Entries taken from a collection

****************************************

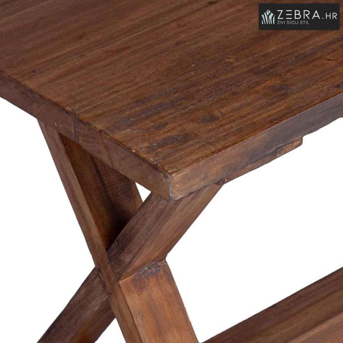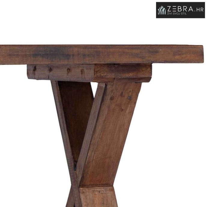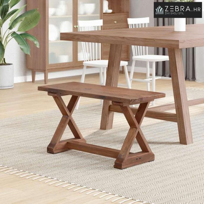 Industrijski dizajnerski elementi: Snažne križne noge izrađene od čvrstog obnovljenog drva, ova klupa spaja rustikalnu privlačnost i moderni izgled. Minimalistično dizajniran, naglašava praktičnost dok pruža stabilnost za svakodnevne i posebne prigode.
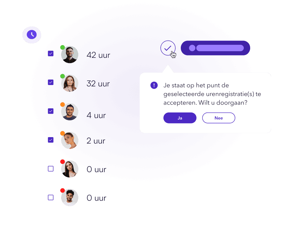 Werk met duidelijke statussen zoals open en geaccepteerd. Met slimme validaties voorkom je fouten voordat uren worden verwerkt.
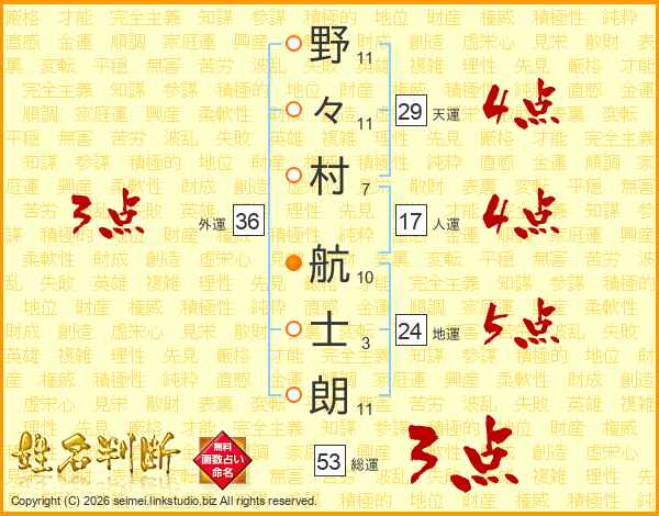 野(11画)々(11画)村(7画) 航(10画)士(3画)朗(11画)
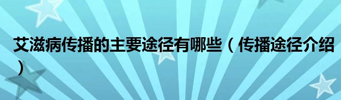 艾滋病传播的主要途径有哪些(传播途径介绍)
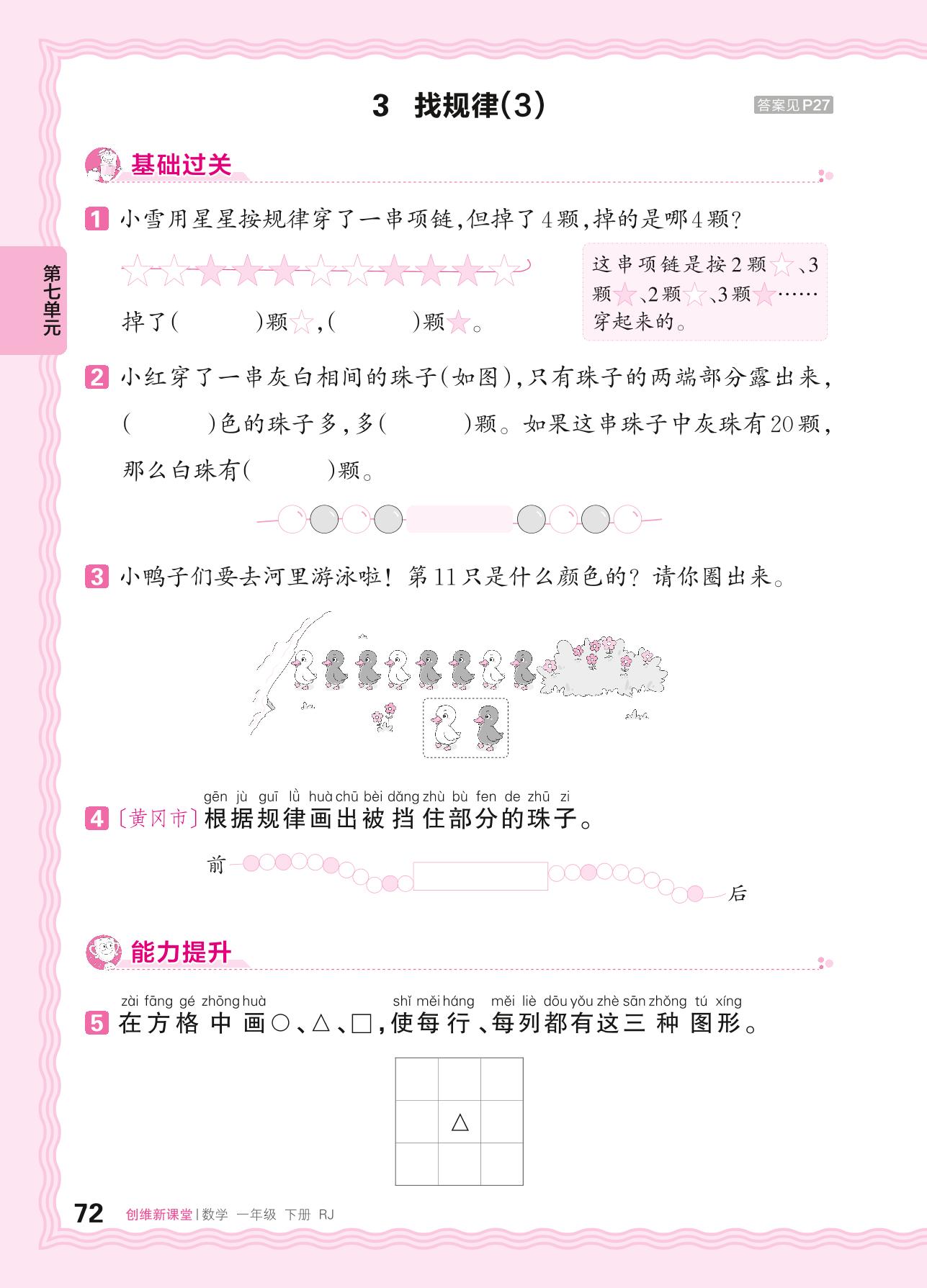 2024春下册一年级数学人教版 第七单元 找规律——3. 找规律(3)_R240123095539356
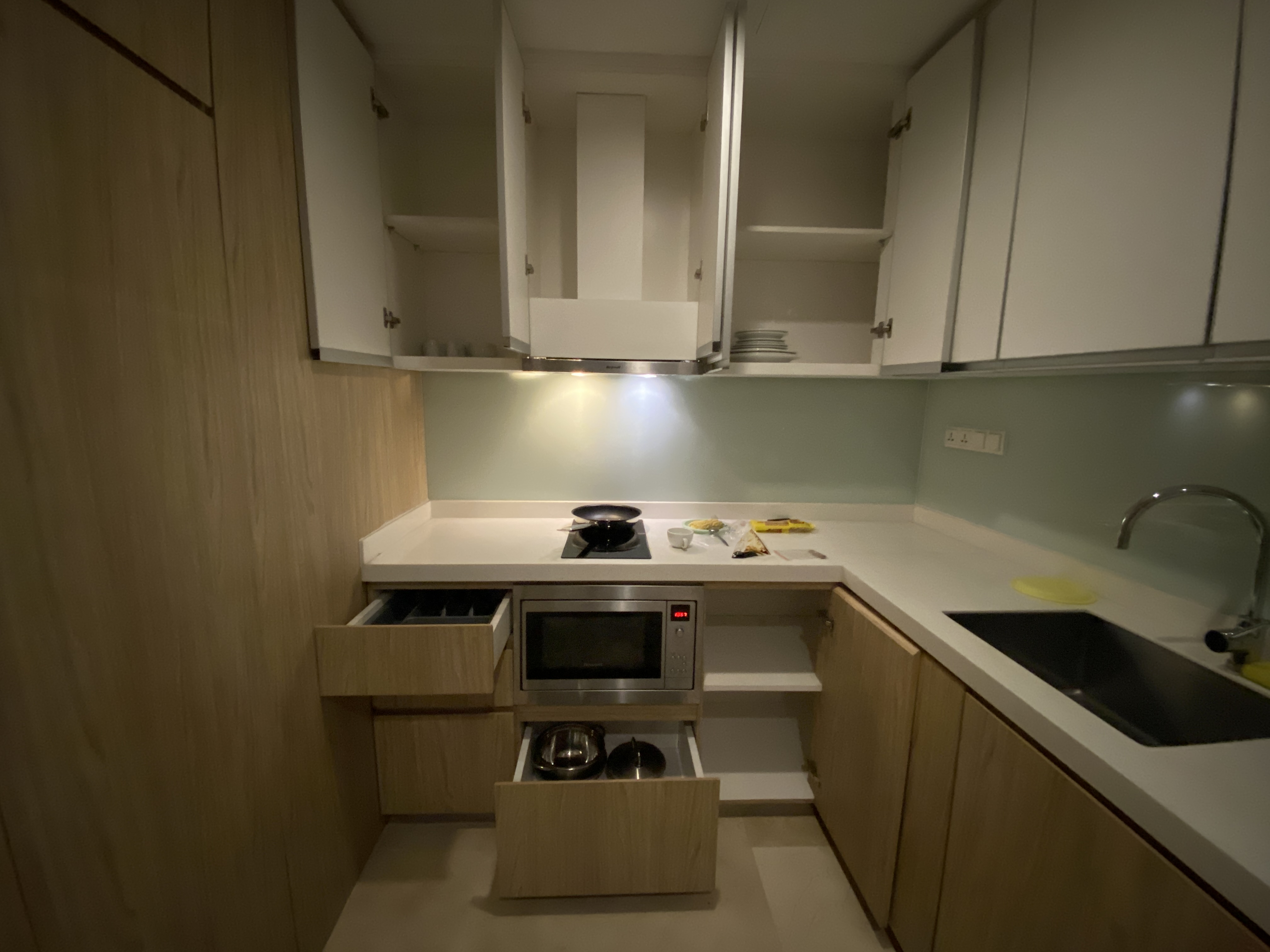 Selain ada ruang tamu, hotelnya juga udah ada dapurnya sehingga aku sempat masak dulu sarapan buat si K sebelum dia sekolah. Ini bukan hotel deh yak modelannya. Seperti apartemen service gitu yang isinya apartemen tapi ada lobi dan cleaning servicenya setiap hari. Karena kalau pesan apartemen di AirBnB aku tuh suka males duluan syaratnya yang harus dibersihan dulu sebelum pulang.
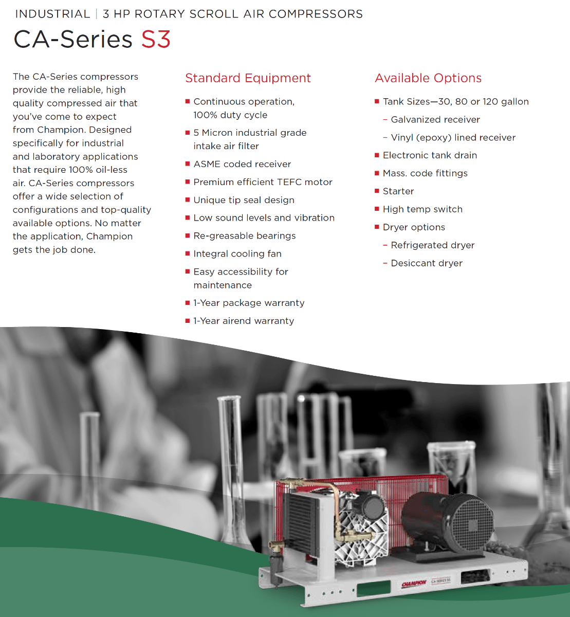 Champion CA Series compressors offer several standard features and many optional features designed to meet your requirements and exceed your expectations.
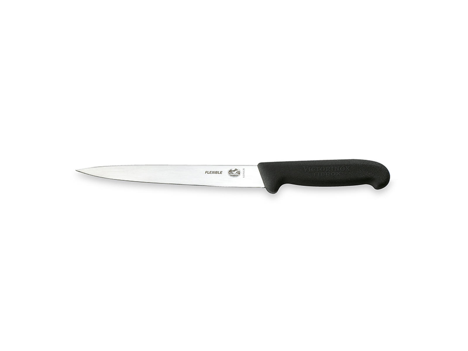 This Victorinox fillet knife features a 20 cm long, flexible stainless steel blade designed for precise filleting of fish and meat. The Fibrox handle ensures a stable grip even with greasy hands, while the slender, agile blade with a hardness of 55 HRC allows you to cut closely along the skin for minimal waste.

****************************************

Drop the images and quote the entries word for word.

 Industrijski dizajnerski elementi: Snažne križne noge izrađene od čvrstog obnovljenog drva, ova klupa spaja rustikalnu privlačnost i moderni izgled. Minimalistično dizajniran, naglašava praktičnost dok pruža stabilnost za svakodnevne i posebne prigode.
 Werk met duidelijke statussen zoals open en geaccepteerd. Met slimme validaties voorkom je fouten voordat uren worden verwerkt.
 野(11画)々(11画)村(7画) 航(10画)士(3画)朗(11画)
 艾滋病传播的主要途径有哪些(传播途径介绍)
 2024春下册一年级数学人教版 第七单元 找规律——3. 找规律(3)_R240123095539356
 Selain ada ruang tamu, hotelnya juga udah ada dapurnya sehingga aku sempat masak dulu sarapan buat si K sebelum dia sekolah. Ini bukan hotel deh yak modelannya. Seperti apartemen service gitu yang isinya apartemen tapi ada lobi dan cleaning servicenya setiap hari. Karena kalau pesan apartemen di AirBnB aku tuh suka males duluan syaratnya yang harus dibersihan dulu sebelum pulang.
 Champion CA Series compressors offer several standard features and many optional features designed to meet your requirements and exceed your expectations.
 This Victorinox fillet knife features a 20 cm long, flexible stainless steel blade designed for precise filleting of fish and meat. The Fibrox handle ensures a stable grip even with greasy hands, while the slender, agile blade with a hardness of 55 HRC allows you to cut closely along the skin for minimal waste.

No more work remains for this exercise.